╭──
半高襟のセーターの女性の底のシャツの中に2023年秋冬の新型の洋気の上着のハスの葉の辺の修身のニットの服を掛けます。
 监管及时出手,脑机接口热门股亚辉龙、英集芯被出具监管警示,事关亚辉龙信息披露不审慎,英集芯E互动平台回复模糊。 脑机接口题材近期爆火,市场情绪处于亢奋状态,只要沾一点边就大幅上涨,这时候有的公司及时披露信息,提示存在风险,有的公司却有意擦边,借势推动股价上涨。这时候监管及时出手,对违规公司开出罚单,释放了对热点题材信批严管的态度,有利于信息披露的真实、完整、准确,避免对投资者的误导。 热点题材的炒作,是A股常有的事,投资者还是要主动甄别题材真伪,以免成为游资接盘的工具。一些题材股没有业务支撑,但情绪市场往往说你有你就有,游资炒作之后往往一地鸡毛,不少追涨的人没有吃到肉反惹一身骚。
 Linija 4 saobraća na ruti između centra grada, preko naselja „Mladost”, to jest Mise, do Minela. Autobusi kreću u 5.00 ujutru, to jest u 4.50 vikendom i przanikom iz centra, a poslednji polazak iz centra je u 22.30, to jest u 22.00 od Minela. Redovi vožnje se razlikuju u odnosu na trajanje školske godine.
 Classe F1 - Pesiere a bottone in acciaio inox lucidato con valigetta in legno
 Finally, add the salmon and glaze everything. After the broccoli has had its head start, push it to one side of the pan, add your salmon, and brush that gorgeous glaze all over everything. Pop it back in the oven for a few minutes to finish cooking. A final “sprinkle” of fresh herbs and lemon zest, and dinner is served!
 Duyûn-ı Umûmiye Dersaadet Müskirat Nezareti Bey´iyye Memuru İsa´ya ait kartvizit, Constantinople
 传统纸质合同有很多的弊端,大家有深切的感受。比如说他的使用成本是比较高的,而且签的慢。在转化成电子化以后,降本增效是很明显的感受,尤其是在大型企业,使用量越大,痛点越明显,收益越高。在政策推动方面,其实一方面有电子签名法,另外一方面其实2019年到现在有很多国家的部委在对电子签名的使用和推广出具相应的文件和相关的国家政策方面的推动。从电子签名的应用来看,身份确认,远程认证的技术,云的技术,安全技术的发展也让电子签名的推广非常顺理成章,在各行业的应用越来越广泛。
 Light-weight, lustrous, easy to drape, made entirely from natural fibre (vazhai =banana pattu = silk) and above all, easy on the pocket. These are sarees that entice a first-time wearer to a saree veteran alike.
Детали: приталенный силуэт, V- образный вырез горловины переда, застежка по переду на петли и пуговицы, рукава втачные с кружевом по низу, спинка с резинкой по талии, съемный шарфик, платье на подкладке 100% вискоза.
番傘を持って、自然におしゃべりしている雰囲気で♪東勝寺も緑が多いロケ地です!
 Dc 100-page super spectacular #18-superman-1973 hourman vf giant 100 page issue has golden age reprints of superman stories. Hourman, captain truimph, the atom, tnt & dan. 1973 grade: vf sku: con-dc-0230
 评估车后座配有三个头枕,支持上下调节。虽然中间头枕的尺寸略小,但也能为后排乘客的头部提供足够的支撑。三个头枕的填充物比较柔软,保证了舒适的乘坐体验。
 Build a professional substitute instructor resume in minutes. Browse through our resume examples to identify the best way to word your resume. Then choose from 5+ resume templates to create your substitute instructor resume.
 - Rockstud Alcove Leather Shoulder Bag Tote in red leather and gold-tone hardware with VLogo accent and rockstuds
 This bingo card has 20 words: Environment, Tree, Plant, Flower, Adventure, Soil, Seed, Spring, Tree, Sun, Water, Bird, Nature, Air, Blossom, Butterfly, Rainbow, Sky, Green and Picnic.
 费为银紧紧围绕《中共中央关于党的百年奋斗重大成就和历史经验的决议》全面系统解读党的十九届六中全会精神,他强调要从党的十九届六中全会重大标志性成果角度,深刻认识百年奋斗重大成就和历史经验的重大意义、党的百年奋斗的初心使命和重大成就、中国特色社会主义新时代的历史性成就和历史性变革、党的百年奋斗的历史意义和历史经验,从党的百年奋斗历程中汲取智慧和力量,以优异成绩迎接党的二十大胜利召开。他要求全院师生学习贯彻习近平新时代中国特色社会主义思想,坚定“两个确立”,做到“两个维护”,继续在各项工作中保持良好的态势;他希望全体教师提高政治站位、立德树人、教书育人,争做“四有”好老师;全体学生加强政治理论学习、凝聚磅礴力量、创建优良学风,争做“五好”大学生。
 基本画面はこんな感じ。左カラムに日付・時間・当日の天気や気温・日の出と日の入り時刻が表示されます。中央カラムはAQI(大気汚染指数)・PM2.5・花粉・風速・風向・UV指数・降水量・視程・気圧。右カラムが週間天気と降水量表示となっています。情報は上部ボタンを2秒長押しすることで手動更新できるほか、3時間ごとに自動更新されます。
╰──
Beginning at the line that contains "Dc 100-page super", retype each line of the listing up to and including the last one, exactly as it stands, and nothing else.

 Dc 100-page super spectacular #18-superman-1973 hourman vf giant 100 page issue has golden age reprints of superman stories. Hourman, captain truimph, the atom, tnt & dan. 1973 grade: vf sku: con-dc-0230
 评估车后座配有三个头枕,支持上下调节。虽然中间头枕的尺寸略小,但也能为后排乘客的头部提供足够的支撑。三个头枕的填充物比较柔软,保证了舒适的乘坐体验。
 Build a professional substitute instructor resume in minutes. Browse through our resume examples to identify the best way to word your resume. Then choose from 5+ resume templates to create your substitute instructor resume.
 - Rockstud Alcove Leather Shoulder Bag Tote in red leather and gold-tone hardware with VLogo accent and rockstuds
 This bingo card has 20 words: Environment, Tree, Plant, Flower, Adventure, Soil, Seed, Spring, Tree, Sun, Water, Bird, Nature, Air, Blossom, Butterfly, Rainbow, Sky, Green and Picnic.
 费为银紧紧围绕《中共中央关于党的百年奋斗重大成就和历史经验的决议》全面系统解读党的十九届六中全会精神,他强调要从党的十九届六中全会重大标志性成果角度,深刻认识百年奋斗重大成就和历史经验的重大意义、党的百年奋斗的初心使命和重大成就、中国特色社会主义新时代的历史性成就和历史性变革、党的百年奋斗的历史意义和历史经验,从党的百年奋斗历程中汲取智慧和力量,以优异成绩迎接党的二十大胜利召开。他要求全院师生学习贯彻习近平新时代中国特色社会主义思想,坚定“两个确立”,做到“两个维护”,继续在各项工作中保持良好的态势;他希望全体教师提高政治站位、立德树人、教书育人,争做“四有”好老师;全体学生加强政治理论学习、凝聚磅礴力量、创建优良学风,争做“五好”大学生。
 基本画面はこんな感じ。左カラムに日付・時間・当日の天気や気温・日の出と日の入り時刻が表示されます。中央カラムはAQI(大気汚染指数)・PM2.5・花粉・風速・風向・UV指数・降水量・視程・気圧。右カラムが週間天気と降水量表示となっています。情報は上部ボタンを2秒長押しすることで手動更新できるほか、3時間ごとに自動更新されます。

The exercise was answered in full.